* _Provided material_
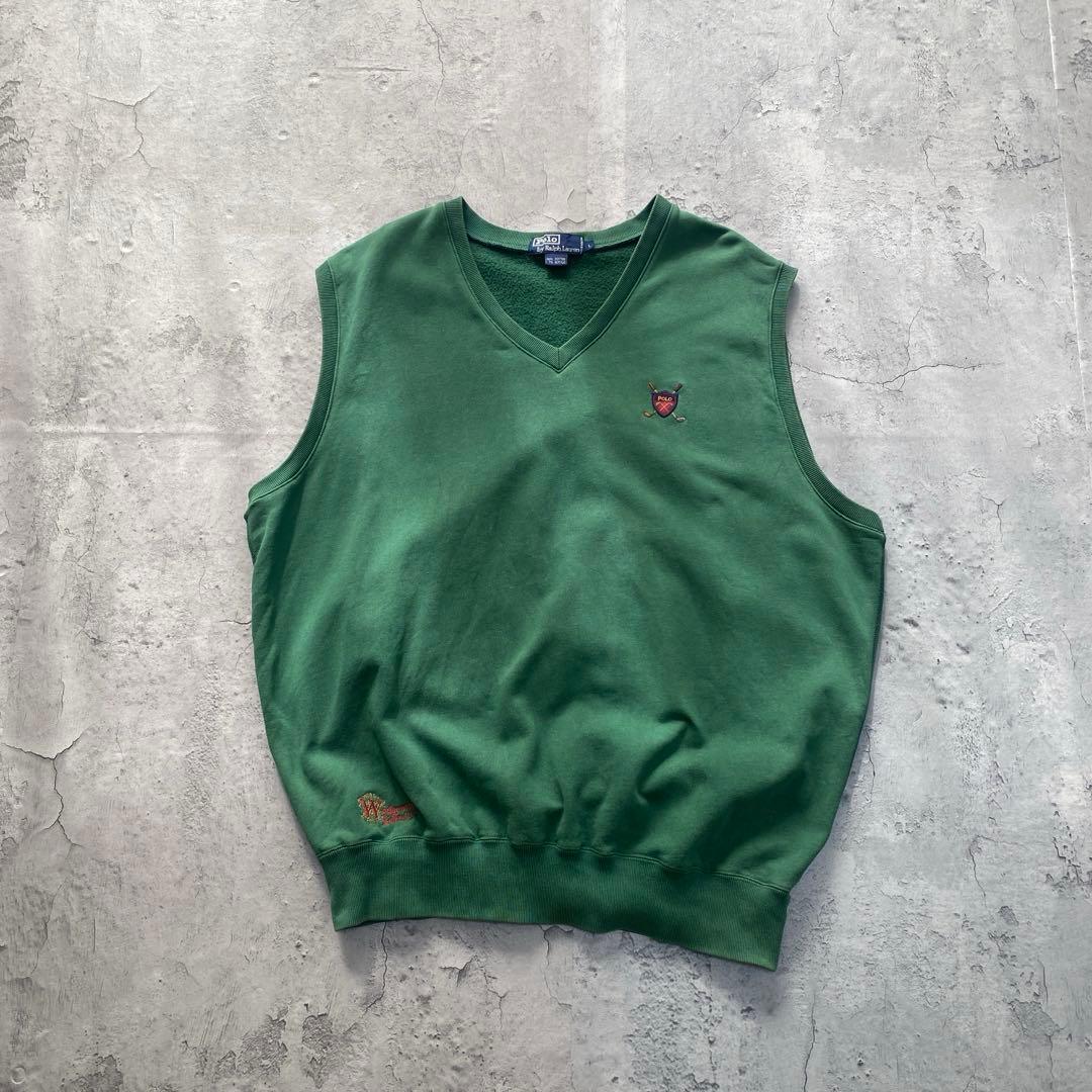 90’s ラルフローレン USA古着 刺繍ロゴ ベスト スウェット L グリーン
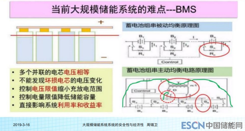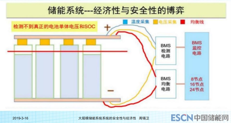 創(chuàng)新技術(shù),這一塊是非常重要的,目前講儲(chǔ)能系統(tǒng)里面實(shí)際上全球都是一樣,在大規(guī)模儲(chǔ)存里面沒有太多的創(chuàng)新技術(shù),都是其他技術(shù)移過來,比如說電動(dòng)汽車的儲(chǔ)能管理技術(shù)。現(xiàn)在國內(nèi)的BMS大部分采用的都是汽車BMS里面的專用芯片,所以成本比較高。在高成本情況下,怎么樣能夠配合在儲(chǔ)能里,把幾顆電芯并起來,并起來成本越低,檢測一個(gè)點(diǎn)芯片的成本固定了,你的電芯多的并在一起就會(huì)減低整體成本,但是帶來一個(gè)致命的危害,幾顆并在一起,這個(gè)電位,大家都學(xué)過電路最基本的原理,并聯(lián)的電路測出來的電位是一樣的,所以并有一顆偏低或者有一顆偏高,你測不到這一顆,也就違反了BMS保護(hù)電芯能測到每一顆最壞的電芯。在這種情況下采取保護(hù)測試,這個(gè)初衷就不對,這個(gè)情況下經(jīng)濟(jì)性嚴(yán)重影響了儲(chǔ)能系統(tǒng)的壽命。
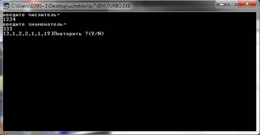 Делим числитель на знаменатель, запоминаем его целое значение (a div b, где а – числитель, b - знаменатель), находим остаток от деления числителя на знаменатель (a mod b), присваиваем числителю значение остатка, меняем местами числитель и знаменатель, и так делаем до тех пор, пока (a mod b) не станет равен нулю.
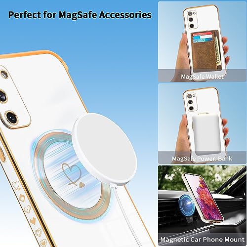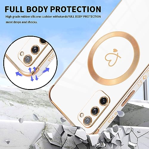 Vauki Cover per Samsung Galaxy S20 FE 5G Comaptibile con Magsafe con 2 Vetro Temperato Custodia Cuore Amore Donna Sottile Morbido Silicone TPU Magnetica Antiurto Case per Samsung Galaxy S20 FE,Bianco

* _Your goal_
After locating the line that holds "創(chuàng)新技術(shù),這一", output exactly the lines from it through the last line of the material above, inclusive, without pictures.

* _Answer space_
 創(chuàng)新技術(shù),這一塊是非常重要的,目前講儲(chǔ)能系統(tǒng)里面實(shí)際上全球都是一樣,在大規(guī)模儲(chǔ)存里面沒有太多的創(chuàng)新技術(shù),都是其他技術(shù)移過來,比如說電動(dòng)汽車的儲(chǔ)能管理技術(shù)。現(xiàn)在國內(nèi)的BMS大部分采用的都是汽車BMS里面的專用芯片,所以成本比較高。在高成本情況下,怎么樣能夠配合在儲(chǔ)能里,把幾顆電芯并起來,并起來成本越低,檢測一個(gè)點(diǎn)芯片的成本固定了,你的電芯多的并在一起就會(huì)減低整體成本,但是帶來一個(gè)致命的危害,幾顆并在一起,這個(gè)電位,大家都學(xué)過電路最基本的原理,并聯(lián)的電路測出來的電位是一樣的,所以并有一顆偏低或者有一顆偏高,你測不到這一顆,也就違反了BMS保護(hù)電芯能測到每一顆最壞的電芯。在這種情況下采取保護(hù)測試,這個(gè)初衷就不對,這個(gè)情況下經(jīng)濟(jì)性嚴(yán)重影響了儲(chǔ)能系統(tǒng)的壽命。
 Делим числитель на знаменатель, запоминаем его целое значение (a div b, где а – числитель, b - знаменатель), находим остаток от деления числителя на знаменатель (a mod b), присваиваем числителю значение остатка, меняем местами числитель и знаменатель, и так делаем до тех пор, пока (a mod b) не станет равен нулю.
 Vauki Cover per Samsung Galaxy S20 FE 5G Comaptibile con Magsafe con 2 Vetro Temperato Custodia Cuore Amore Donna Sottile Morbido Silicone TPU Magnetica Antiurto Case per Samsung Galaxy S20 FE,Bianco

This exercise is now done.